- Lee Eastman (left) and his wife Monique in 1987
- Born: Leopold Vail Epstein January 12, 1910 New York City, U.S.
- Died: July 30, 1991 (aged 81) New York City, U.S.
- Occupation: Show business lawyer
- Spouses: Louise Lindner (div. 1962) Monique de T. Schless
- Children: 4, including Linda
- Relatives: Rose Frisch (sister) Paul McCartney (son-in-law) Heather McCartney (granddaughter) Mary McCartney (granddaughter) Stella McCartney (granddaughter) James McCartney (grandson)

= Lee Eastman =

American attorney and art collector, father of Linda McCartney (1910–91)

Lee Eastman (born Leopold Vail Epstein; January 12, 1910 – July 30, 1991) was an American show business lawyer and art collector from New York City.

One of his four children was Linda McCartney, the first wife of former Beatle Paul McCartney. Eastman became McCartney's business manager shortly before the breakup of The Beatles, while his son John Eastman represented McCartney during his 1970 lawsuit to dissolve the group legally. He is the maternal grandfather of potter Heather McCartney, photographer Mary McCartney, fashion designer Stella McCartney, and musician/sculptor James McCartney. Eastman was also the friend and longtime lawyer for and collector of the works of the abstract expressionist painter Willem de Kooning. His sister Rose Frisch became a noted scientist who worked on issues of women's fertility and population studies. His family was Jewish.

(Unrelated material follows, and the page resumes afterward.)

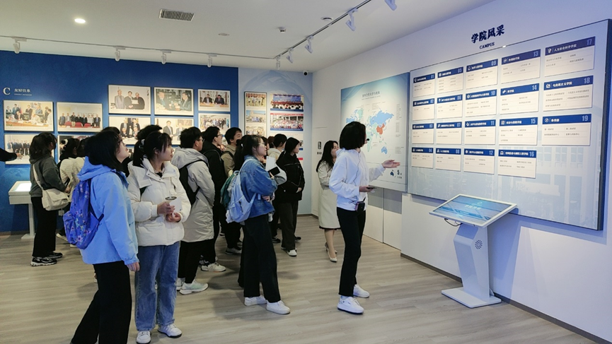 在实践环节,授课教师带领我校大一学生代表30余人共赴校史馆和行政楼参观。档案铭记伟业,历史昭示未来,校史馆是昨日之“安理”的精神丰碑。讲解员同学借助一件件、一幅幅记录着学校发展变迁的实物、图片、文献等档案资料,生动诠释了一代代安理人团结奋进的精神面貌,深情展现了安徽理工大学志存高远、追求卓越、服务地方的拳拳深情;行政楼则是今日之“安理”的运行中枢,在行政楼参观环节中,授课教师化身“领队”,通过讲解与实地观摩,带领同学们了解学校日常的组织运行管理机制,从而帮助学生认识到平静祥和的校园生活背后有众多师长的支持与付出,进而切实增强学生爱校荣校的精神与使命担当。

== Involvement with Apple Corps ==
When the Beatles' company Apple Corps was in business trouble early in 1969, Eastman and Allen Klein were both considered to take the reins of the company, and of the band's careers. John Lennon favoured Klein. Lennon was impressed that Klein knew and understood Lennon's lyrics, and called Klein very intelligent. McCartney wanted Eastman, but was out-voted 3–1, as George Harrison and Ringo Starr sided with Lennon and Klein. For a short period, Klein managed Apple Corps and the personal careers of Lennon, Harrison, and Starr while Eastman was the corporate counsel and managed McCartney. The Klein/Eastman combination did not work, and after a contentious meeting, Eastman was out. Subsequent disagreements over decisions made by Klein and the other Beatles prompted McCartney — represented by Eastman — to sue them to dissolve the partnership, and he eventually succeeded.

Klein made some successful deals for the Beatles, and they made more money during their short tenure with Klein than they had during the years they were managed by Brian Epstein. Lennon, Harrison, and Starr eventually soured on Klein, and after a series of suits and countersuits, Klein left Apple Corps with a multimillion-dollar buyout.

== Manager of McCartney ==
Eastman and his son successfully managed McCartney's solo career, leaving McCartney the wealthiest of the former Beatles. In 1984, McCartney cited one example of advice he received from Eastman:

The music publishing I own is fabulous. Beautiful. I owe it all to Linda's dad Lee Eastman and her brother John. Linda's dad is a great business brain. He said originally, 'If you are going to invest, do it in something you know. If you invest in building computers or something, you can lose a fortune. Wouldn't you rather be in music? Stay in music.' I said, 'Yeah, I'd much rather do that.' So he asked me what kind of music I liked. And the first name I said was Buddy Holly. Lee got on to the man who owned Buddy Holly's stuff and bought that for me. So I was into publishing now."

McCartney's music publishing investments have paid off. In 1984, he estimated that half his income came from recording, and half from his music publishing business.

== Personal life ==
Eastman had four children with his first wife Louise Lindner, herself the daughter of a prominent Cleveland department store executive. Lindner died in a plane crash in 1962. He later remarried Monique de T. Schless. Eastman died of a stroke on July 30, 1991, in a New York City hospital; he was 81. His son John Eastman died on August 10, 2022, of pancreatic cancer, at the age of 83.